Nowadays it is an obesity pandemic. In the USA, it has been estimated that 33.8 % of adults, over 66 million individuals, are obese, while an additional 74 million are overweight. It is estimated that the prevalence of obesity grew a shocking 40 % over the last 30 years. In European countries, obesity ranges from 20 to 30% and the rates are even higher in Australia, South America, and the Middle East. Numerous studies linked the ingestion of added sugars to obesity. Why?
Unhealthy dietary habits, alone or in combination with other lifestyle-related factors can provide a ground for obesity. In most countries, dietary habits have been gradually changed from traditional to Westernized diets that contain a substantial amount of meat, high fat content, and sweet foods including desserts and sugar-sweetened beverages. Mice fed fructose-sweetened water gain more weight than do mice given the same calories as starch, which suggests that fructose may also slow the basal metabolic rate. So, fructose specifically does not stimulate insulin secretion or the production of the hormone (leptin) regulating long-term food energy balance, such that sugar tends not to satisfy the appetite and affects glucose metabolism, lipid profile and insulin resistance.

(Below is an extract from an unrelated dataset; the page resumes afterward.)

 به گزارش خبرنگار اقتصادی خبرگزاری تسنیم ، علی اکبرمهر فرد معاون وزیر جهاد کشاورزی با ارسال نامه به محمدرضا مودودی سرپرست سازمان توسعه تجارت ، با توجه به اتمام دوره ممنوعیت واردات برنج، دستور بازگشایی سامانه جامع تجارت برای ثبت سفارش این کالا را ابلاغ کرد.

Any food with added sugars is calorie dense food without any nutrient value – no vitamins, minerals, fiber, protein, and fat. Pure simple carbohydrates… Proteins, fat, complex carbohydrates, fiber are necessary nutrients not only for wellbeing but also for an appropriate level of satiety in order not to consume an excessive amount of food.

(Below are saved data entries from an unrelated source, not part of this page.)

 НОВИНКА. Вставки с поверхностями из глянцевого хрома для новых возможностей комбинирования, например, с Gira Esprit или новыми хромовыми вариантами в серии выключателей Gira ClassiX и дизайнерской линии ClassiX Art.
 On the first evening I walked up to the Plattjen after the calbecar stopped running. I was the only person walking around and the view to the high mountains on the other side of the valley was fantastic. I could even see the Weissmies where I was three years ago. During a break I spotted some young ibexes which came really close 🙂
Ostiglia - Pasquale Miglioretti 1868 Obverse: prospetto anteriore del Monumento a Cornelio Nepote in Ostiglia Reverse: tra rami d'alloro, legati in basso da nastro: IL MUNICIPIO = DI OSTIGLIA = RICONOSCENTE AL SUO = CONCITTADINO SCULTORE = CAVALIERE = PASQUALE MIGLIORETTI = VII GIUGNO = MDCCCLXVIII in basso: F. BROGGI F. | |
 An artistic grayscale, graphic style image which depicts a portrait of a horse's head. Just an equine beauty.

Clinical studies have confirmed that sucrose intake (particularly fructose) can induce weight gain. Serum triacylglycerols (fatty substances transported in the blood in the form of lipoproteins) increased in young men who received a diet supplemented with 200 g sucrose per day, whereas concentrations did not increase when starch was the primary carbohydrate. Numerous studies have shown that patients with obesity have decreased taste perception, particularly for sweet tastes. A similar hypothesis has been proposed regarding evidence for reduced brain dopamine receptors in obesity and, in both cases, it is proposed that increased food consumption, and associated weight gain, resulting from the need to increase sensory and brain stimulation. There is also pre clinical evidence in rodents and fruit flies that dietary sugar content influences sweet taste perception. For example, in Drosophila melanogaster a high sugar diet led to the decreased response of ‘sweet taste sensing neurons’, resulting in diminished behavioral responses to sweet tastes. Importantly, reduction of sweet taste responses through neural manipulation resulted in overfeeding and obesity, further suggesting that sweet taste perception is a driver of obesity.
So, an association between sugar and obesity is likely to be attributed to multiple factors such as intake of a considerable amount of energy, less feeling of fullness, decreased taste perception, and reduced brain dopamine receptors, stimulating insulin secretion, and fat storage following the long-term consumption of sugar.